This PR adds support for per-request API key injection via X-{model-name}-Authorization HTTP headers, enabling multi-tenant scenarios where callers can supply their own LLM credentials at request time. The implementation patches the shared llm_rails config and reinitializes LLMs before each request, then resets afterward.

Issues found:

  • Stale runtime params after reset: _reset_api_keys restores config.models and sets llm.llm = None, but never updates runtime.registered_action_params.
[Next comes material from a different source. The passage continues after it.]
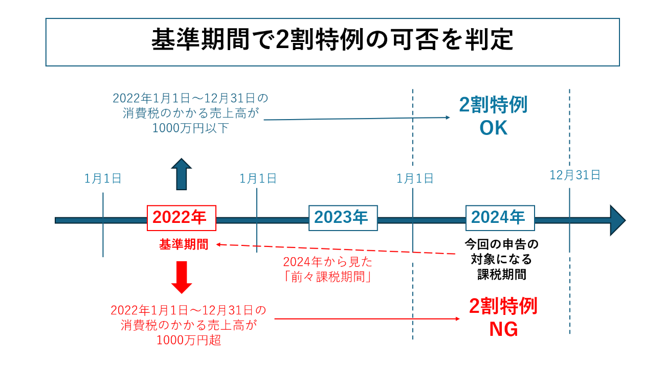 「今年の課税売上高1000万円を超えたから2割特例を使えない」と思っている方も多いようです。2割特例を使えるか使えないかを判定するのは、今年分ではありません。
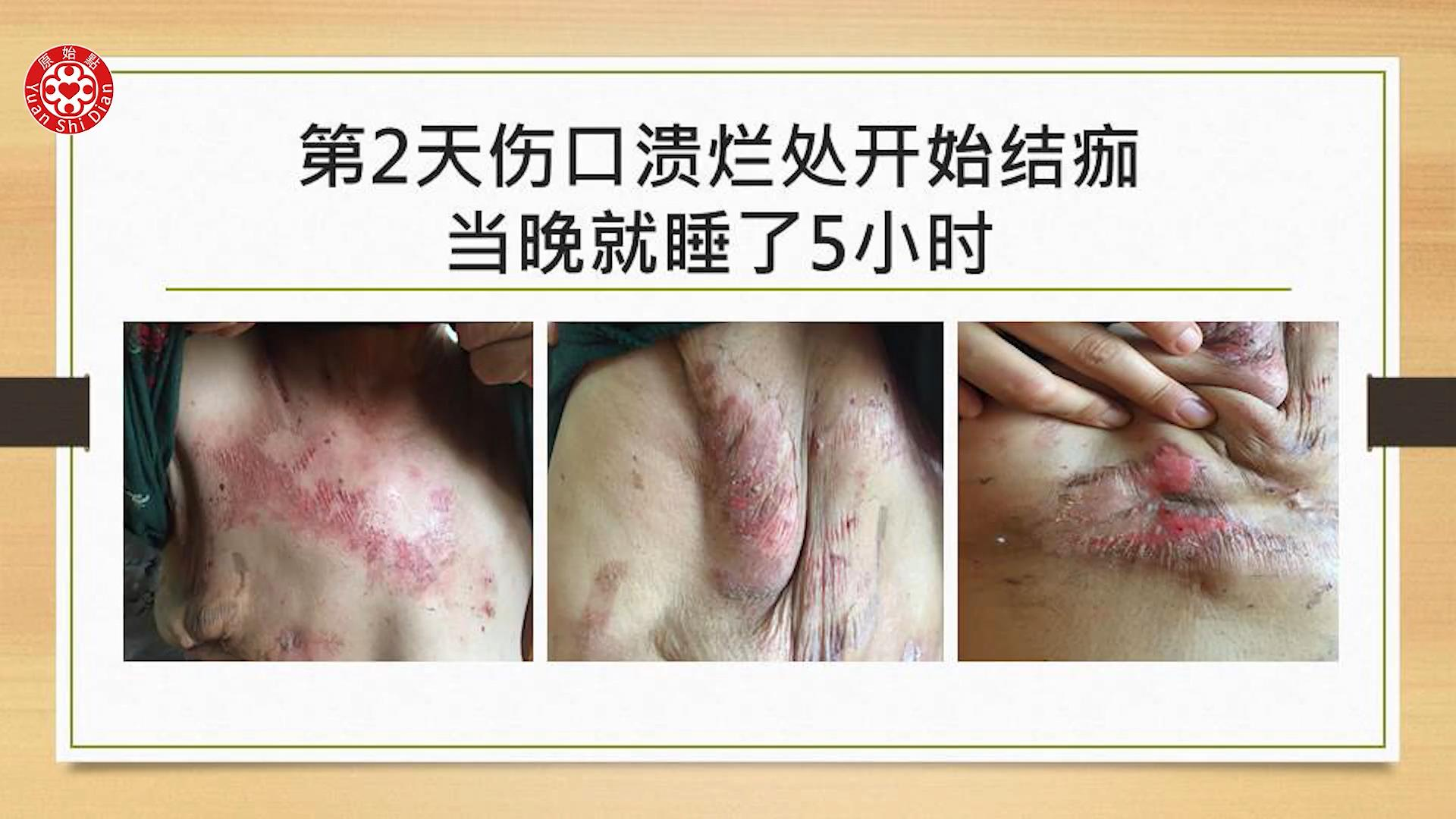 第2天伤口溃烂处开始结痂当晚就睡了5小时

This leaves header-key LLM instances registered even after the request completes. While the primary fallback path uses self.llm, the mismatch between restored config and retained runtime params is a structural inconsistency that should be fixed by calling _init_llms() in _reset_api_keys.

  • Streaming finally ordering bug: For streaming requests, return StreamingResponse(...) causes the outer finally block to execute before the generator is consumed by the ASGI server. This causes _reset_api_keys to run prematurely, setting llm_rails.llm = None before the stream even starts. The inner _format_streaming_response finally block then becomes a no-op, leaving streaming requests without proper key reset.

  • Redundant _reset_api_keys calls: The explicit reset calls in the except handlers (lines 657–661) are unnecessary since the finally block covers all paths. Removing them would clarify that cleanup happens unconditionally.

Confidence Score: 2/5

  • Not safe to merge — two logic bugs affect correctness of API key isolation: stale runtime params persist across requests, and streaming requests reset keys before they're consumed.
  • The core feature has three issues: (1) _reset_api_keys doesn't call _init_llms(), leaving registered LLM instances with header keys in the runtime params after reset; (2) for streaming, the outer finally runs before the generator is consumed, prematurely resetting keys and breaking stream processing; (3) redundant reset calls reduce code clarity. Issues 1 and 2 are correctness problems that could cause request failures or key misuse. Issue 3 is a style improvement. The implementation needs fixes to the reset logic before it's safe for production.
  • nemoguardrails/server/api.py — specifically _reset_api_keys (missing _init_llms() call) and the streaming request path's finally ordering.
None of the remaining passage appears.